I have been drawn to stories of the Vietnam War, ever since I was a girl just entering adolescence. When I was in 7th or 8th grade I won a writing contest sponsored by the Detroit Free Press with a story I wrote entitled "I Died and Lived To Tell About It", which if I remember correctly, revolved around a man who watched his entire platoon be killed, but somehow managed to survived. I know right around that time, I also wrote a chronological- based fiction work entitled "Watershed Tears" based on the main character living through the events of 1968. While the rest of the seventh and eighth grade girls were swooning over pop stars and actors, I was reading about the tunnels in Cu Chi and couldn't wait for the opening of Platoon. I remember thinking at the time if perhaps if re-incarnation was real, that I had died there- just one of those thoughts seeking out greater understanding of the connections I felt to that time and place and those people.
Eventually, my reading expanded and that fiction consumed more of my attention. There were all of the distractions of growing up, especially those I had created leaving home on and off starting when I was 15. My attentions turned towards boys, and music, and poetry; fading away from Southeast Asia.
The year before last, I read Dispatches by Michael Herr and If I Die In A Combat Zone by Tim O'Brien. Along with the World War II novel, Catch-22 by Joseph Heller, those books began to push and nudge awake this piece of me, which had been such an integral part of my growing up. I had planned since then to read Tim O'Brien's The Things They Carried, which I honestly thought I had read before, but seems to have come out when I was in high school which would make it unlikely that I had read it heretofore.
Words seem so inadequate to talk about The Things They Carried. Reading it is like a first love affair. Speaking about it out loud, seems to do disservice to it's sacredness. It is all consuming. It makes you greedy for more as you read. Even it's destruction, and some of the stories do destroy you, is alluring the way young passion makes us unable to turn away.

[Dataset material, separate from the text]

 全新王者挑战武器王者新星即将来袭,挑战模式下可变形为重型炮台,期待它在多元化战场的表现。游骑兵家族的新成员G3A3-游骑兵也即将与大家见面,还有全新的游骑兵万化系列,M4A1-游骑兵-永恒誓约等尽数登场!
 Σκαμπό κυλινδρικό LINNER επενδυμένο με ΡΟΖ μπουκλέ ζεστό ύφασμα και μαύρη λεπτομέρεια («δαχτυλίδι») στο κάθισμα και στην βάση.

For me, the experience was especially full of emotion, for though I am firmly routed in my Catholic beliefs, the familiarity and sense of some other life overshadowing my own current life lingered just over my shoulder, just out of view. The whispers of ghosts, just beyond hearing. The connection which was so powerful when I was a girl, nearly knocked me over. The tears flowed freely.

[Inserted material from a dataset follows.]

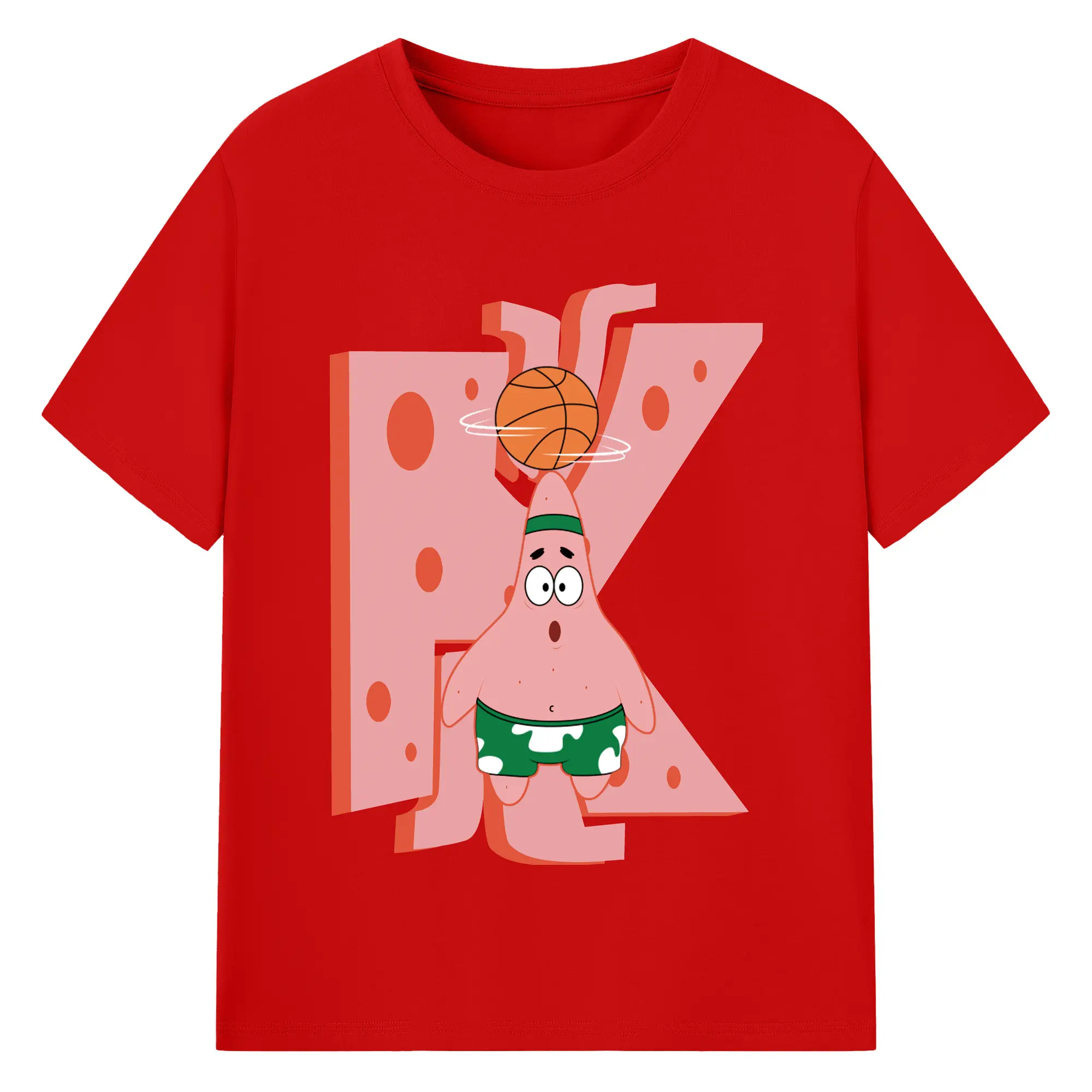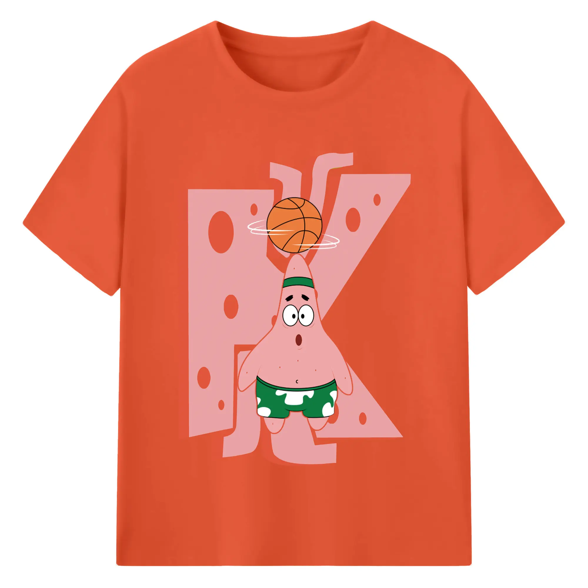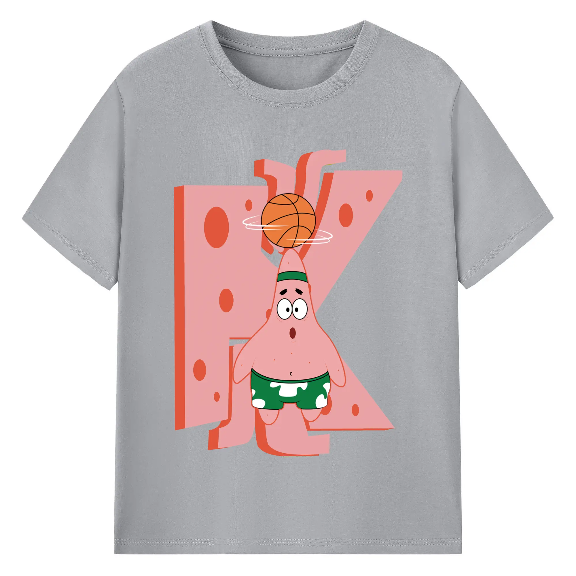Patrick Star play basketball Graphic T-Shirt - 180g Cotton T-Shirt With Front Heat Transfer Print – Soft, Lightweight, Fitted Design – Comfortable Casual Wear For Sports & Everyday Use

The Things They Carried is beyond a book. It is a piece of all who ever ever fought war. All who ever lived with those who have returned from war. I cannot recommend it enough--even though it appears now on lots of required reading lists., which sometimes make people feel as though are boring or too difficult to read. If you are not unchanged after reading it, I would be beyond surprised.
For any who have read it- what are your thoughts? For those who have not, are there any times or places toward which you feel particularly drawn??